What are the consequences of histone variation? Research over the past two decades
has shown that certain histone variants play specialized roles in chromatin structure
and function. In all eukaryotes, histone variants are incorporated into a subset of
nucleosomes to create functionally specialized regions of chromatin. In most cases, the
standard histones are incorporated into the nucleosomes while new DNA is synthesized
during S phase of the cell cycle. Later, some of the standard histones are replaced by
histone variants via chromatin-remodeling complexes.

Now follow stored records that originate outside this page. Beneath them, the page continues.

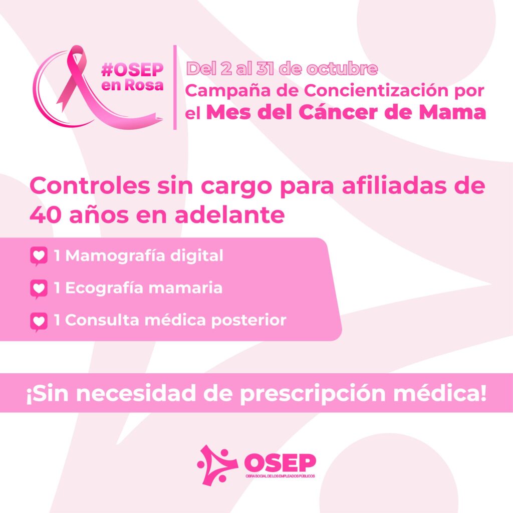 Está dirigido a las afiliadas con 40 años o más que aún no se hayan realizado el chequeo anual gratuito que cubre OSEP. Desde el 2 al 31 de octubre podrán acceder sin cargo y sin prescripción médica a:
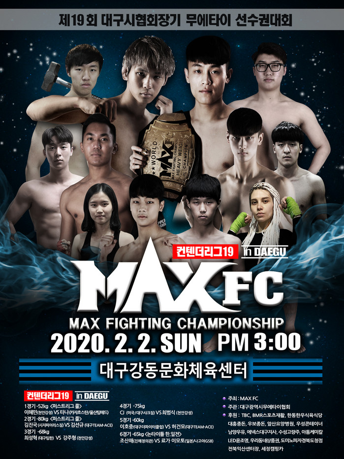 관중들이 재미있어 하고 환호가 끊이지 않는 경기를 하려면 체력이 뒷받침 되어야 한다고 생각한다. 이번 경기 멋지게 치르고 바로 방어전 준비할 것”이라고 자신감 있는 어조로 말했다.한편 'MAXFC 19’는 2월 2일(토) 대구광역시 강동문화센터에서 열린다. MAX FC 유튜브 공식채널을 통해 오후 3시부터 메인 경기가 생중계된다.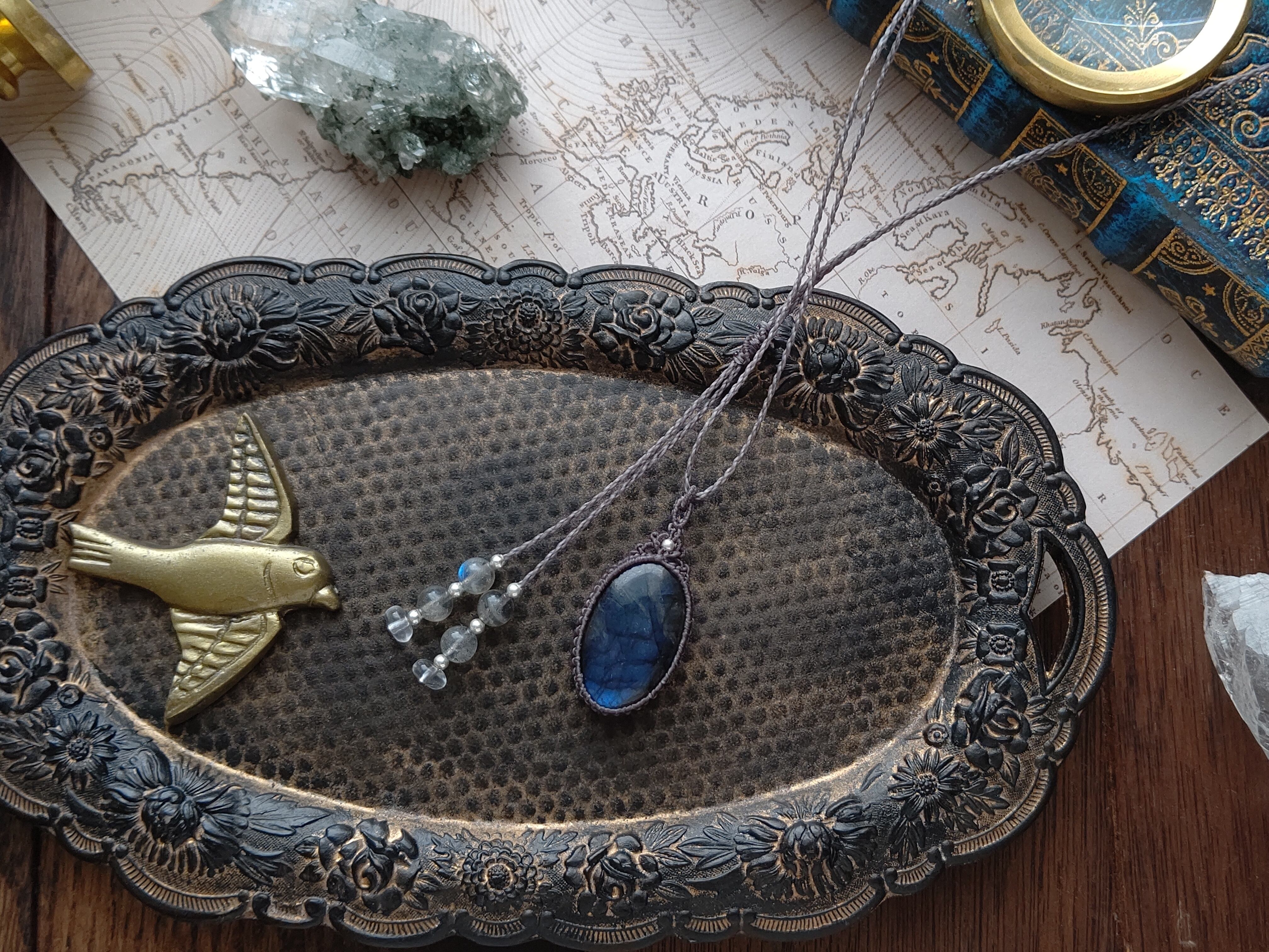 結び石は上質なクオリティのラブラドライトと水晶のビーズをあしらいました。

Table 1 describes the standard histones and a few histone variants that are found in
humans. A key role of many histone variants is to regulate the structure of chromatin,
thereby influencing gene transcription. Such variants can have opposite effects. The
incorporation of histone H2A.Bbd into a chromosomal region where a particular gene is
found favors gene activation. In contrast, the incorporation of histone H10 represses
gene expression. Although our focus in this chapter is on gene regulation, it is worth
noting that histone variants play other important roles. For example, histone cenH3,
which is a variant of histone H3, is found at the centromeres of each chromosome and
functions in the binding of kinetochore proteins. Histone cenH3 is required for the
proper segregation of eukaryotic chromosomes.

Other histone variants are primarily found at specialized sites in certain cells. Histone
macroH2A is found along the inactivated X chromosome in female mammals, whereas
spH2B is found at the telomeres in sperm cells. Finally, certain histone variants appear
to play a role in DNA repair. For example, histone H2A.X becomes phosphorylated
where a double-stranded DNA break occurs. This phosphorylation is thought to be
important for the proper repair of that break.